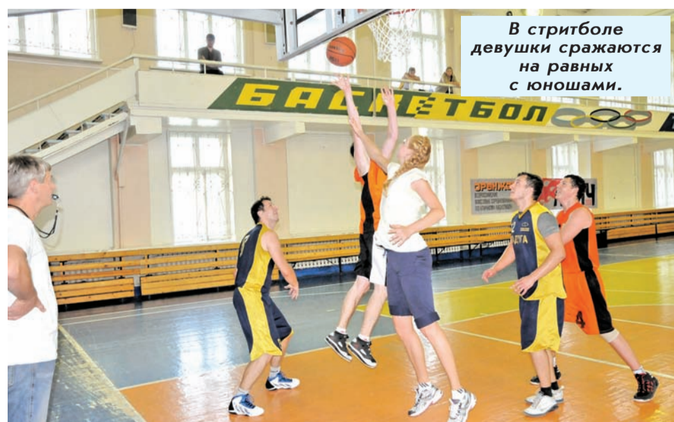
В стритболе девушки сражаются на равных с юношами.
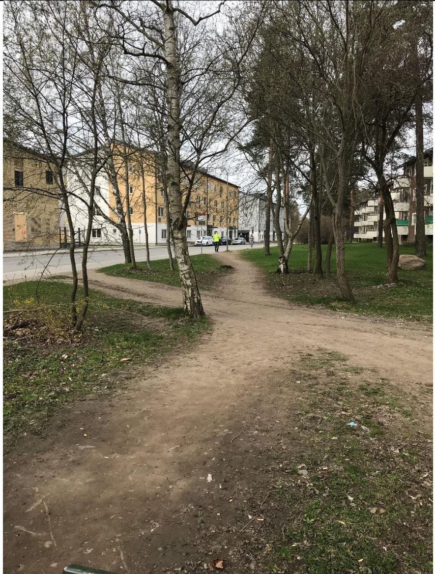
Smitväg från Västertorpsvägen till tunnelbanestationens entré.
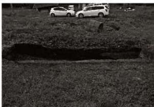
第7トレンチセクション (1) (東から)
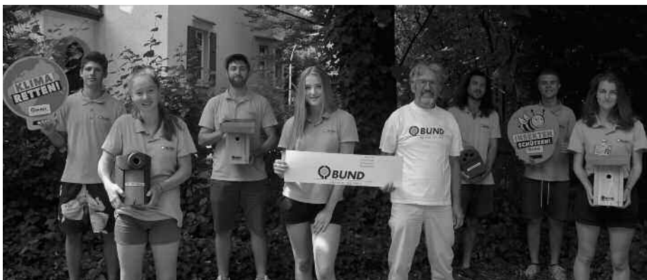
Die junge Leuten mit dem BUND-Vorsitzenden Bruno Sing starten Unterstützungsaktion für die Natur in und um Aulendorf.

Der BUND erhofft sich, dass sich viele Bürger Aulendorf für die aktive Unterstützung des Natur- und Umweltschutzes begeistern lassen, damit der BUND auch in Zukunft unabhängig von Stadt, Staat und Wirtschaft agieren kann.
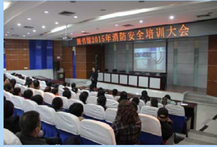
图书馆召开冬季消防安全教育培训大会
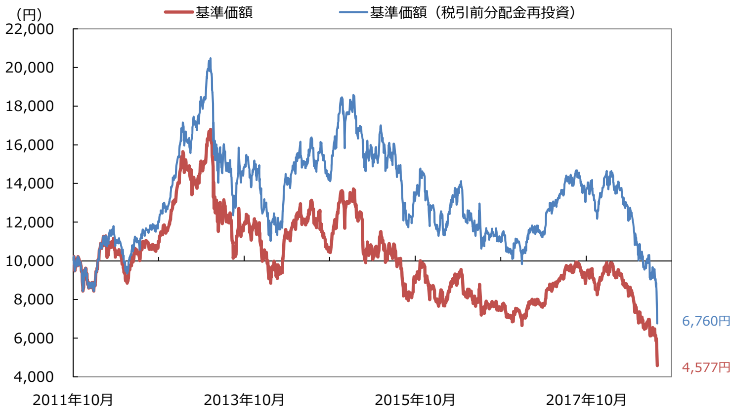
【当ファンドの基準価額の推移と期間別騰落率】

なお、当ファンドは 8月15日(水)から8月27日(月)まで トルコの休日（犠牲祭）などに伴う「 お申込み不可日 」となりますのでご留意下さい。
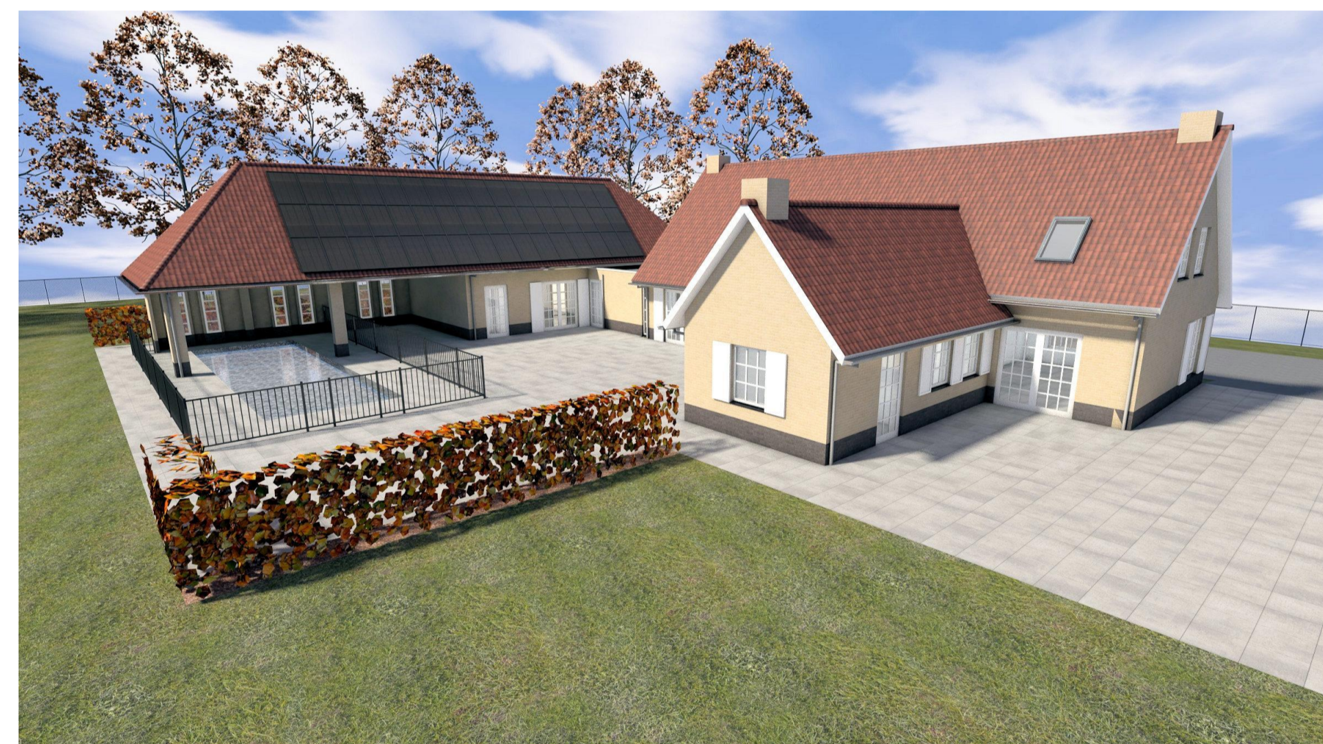
3D achterzijde bestaand D02
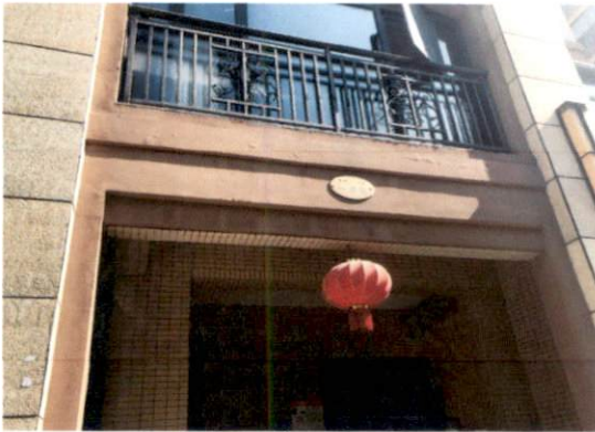
估价对象所在单元
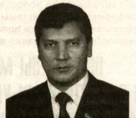
Саттор РАХМАТОВ, депутат Законодательной палаты Олий Мажлиса, член фракции НДП Узбекистана.

Отсутствие в Узбекистане конкретных критериев и принципов в данном вопросе, а точнее то, что они все еще не разработаны, не позволяет выявлять семьи, которые действительно нуждаются в социальных пособиях, выплачиваемых органами самоуправления граждан (в махаллах по месту жительства). В ходе встреч на местах население часто обращается к депутатам Законодательной палаты с жалобами на то, что в махаллах нарушаются принципы социальной справедливости в процессе распределения социальных пособий, высказывают свое резкое недовольство по этому поводу.
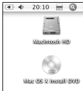
Rysunek 1.2. Gdy umieścisz w napędzie płytę Mac OS X Install DVD, jej ikona zostanie wyświetlona na biurku...
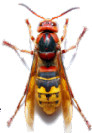
Frelon européen (taille réelle 4 cm)
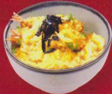
283 Tentoji Don 270B 天とじ丼/เทนโทจิ ดั่ง Tempura Covered with Egg ข้าวหน้าเทมปุระรวมไข่
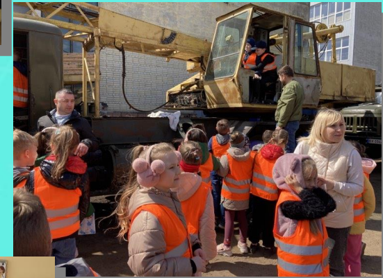
Екскурсія на підприємство
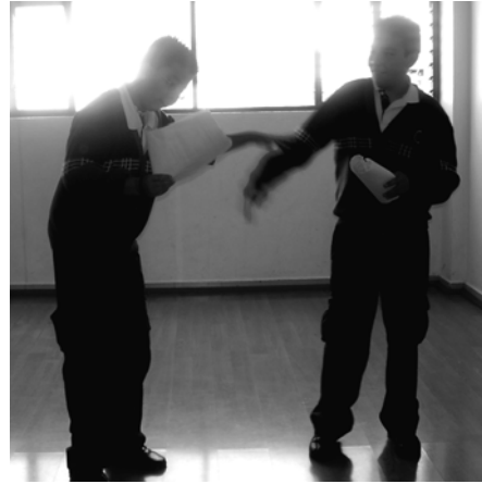
Fig. 3. Alumnos de 6º ensayando.
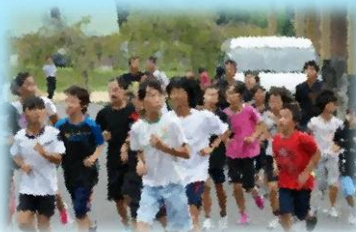
最後はみんなで記念写真
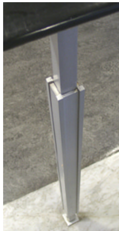
Detalj av räckesständer i aluminium.
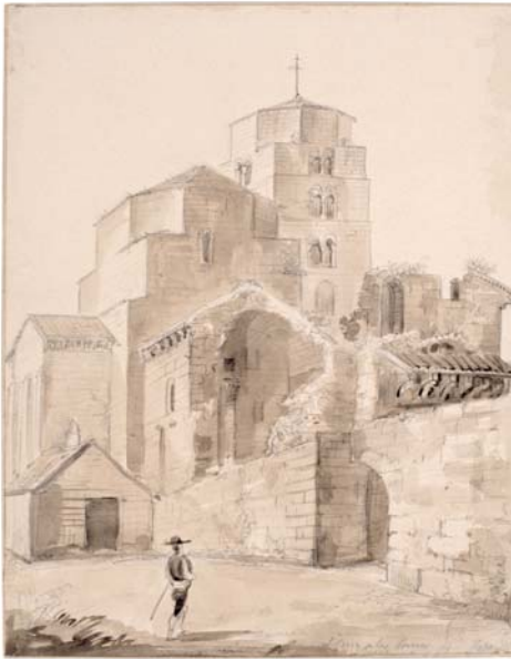
Vista exterior de la iglesia de Santa María de Santa Cruz de la Serós. Valentín Carderera y Solano. Lápiz y aguada sepia. 26,9 x 21 cm. Madrid, Fundación Lázaro Galdiano.
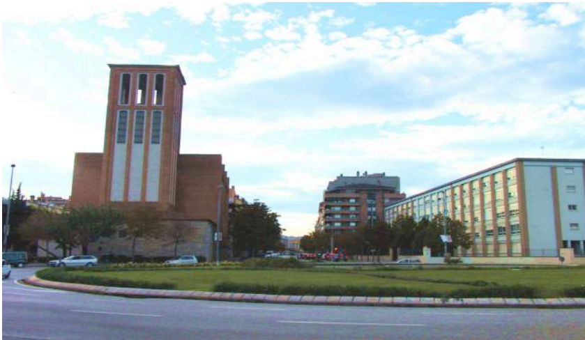
(plaça dels Països Catalans en vistes Emili Grahit) Any 2012
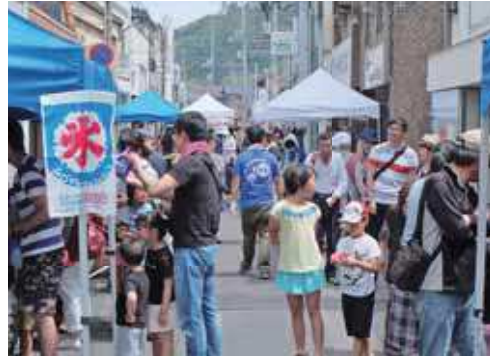
にぎわいをみせる目貫通り

隠岐若者100人委員会による中町目貫祭りが開催されました。大勢の親子連れなどが訪れ、フリーマーケットや「しまねっこ」との餅つきなどを楽しみました。
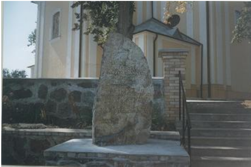
Fot. Kamień pamiątkowy obok kościoła parafialnego w Górznie

Obelisk poświęcony jubileuszowi 1000-lecia chrztu Polski, wizycie Ojca Świętego Jana Pawła II w Siedlcach w 1999 i Misjom Ewangelizacyjnym w parafii Górzno, które odbyły się w dniach 7-15 maja 1998 r. ufundowany został przez parafian. 19
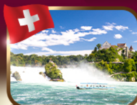
ชมน้ำตกโรนที่ใหญ่ที่สุดในยุโรป
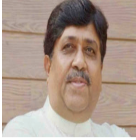
તરફ પ્રોત્સાહિત કરવાનો છે

અમરેલી જિલ્લામાં નવી પહેલ હાથ ધરવામાં આવી છે. પ્રથમ તબક્કામાં જિલ્લાના ૧૦૦ ખેડુતોને પ્રતિ ખેડૂત ૧૦૦ કેસર આંબાની કલમો વિનામૂલ્યે આપવામાં આવશે. આ રીતે કુલ ૧૦ હજાર કલમોનું વિતરણ કરાશે. આ યોજાનાનો મુખ્ય ઉદ્દેશ ખેડુતોને બાગાયતી ખેતી
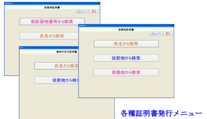
各種証明書発行メニュー

メニュー画面には証明書に対応する検索項目が表示されるため、担当者は迷わず証明書の発行ができます。

********************

▶ _YOUR ASSIGNMENT_
List all lines in the material containing the string "Natur".

▶ _RESPONSE TO THIS EXERCISE_
Die junge Leuten mit dem BUND-Vorsitzenden Bruno Sing starten Unterstützungsaktion für die Natur in und um Aulendorf.
Der BUND erhofft sich, dass sich viele Bürger Aulendorf für die aktive Unterstützung des Natur- und Umweltschutzes begeistern lassen, damit der BUND auch in Zukunft unabhängig von Stadt, Staat und Wirtschaft agieren kann.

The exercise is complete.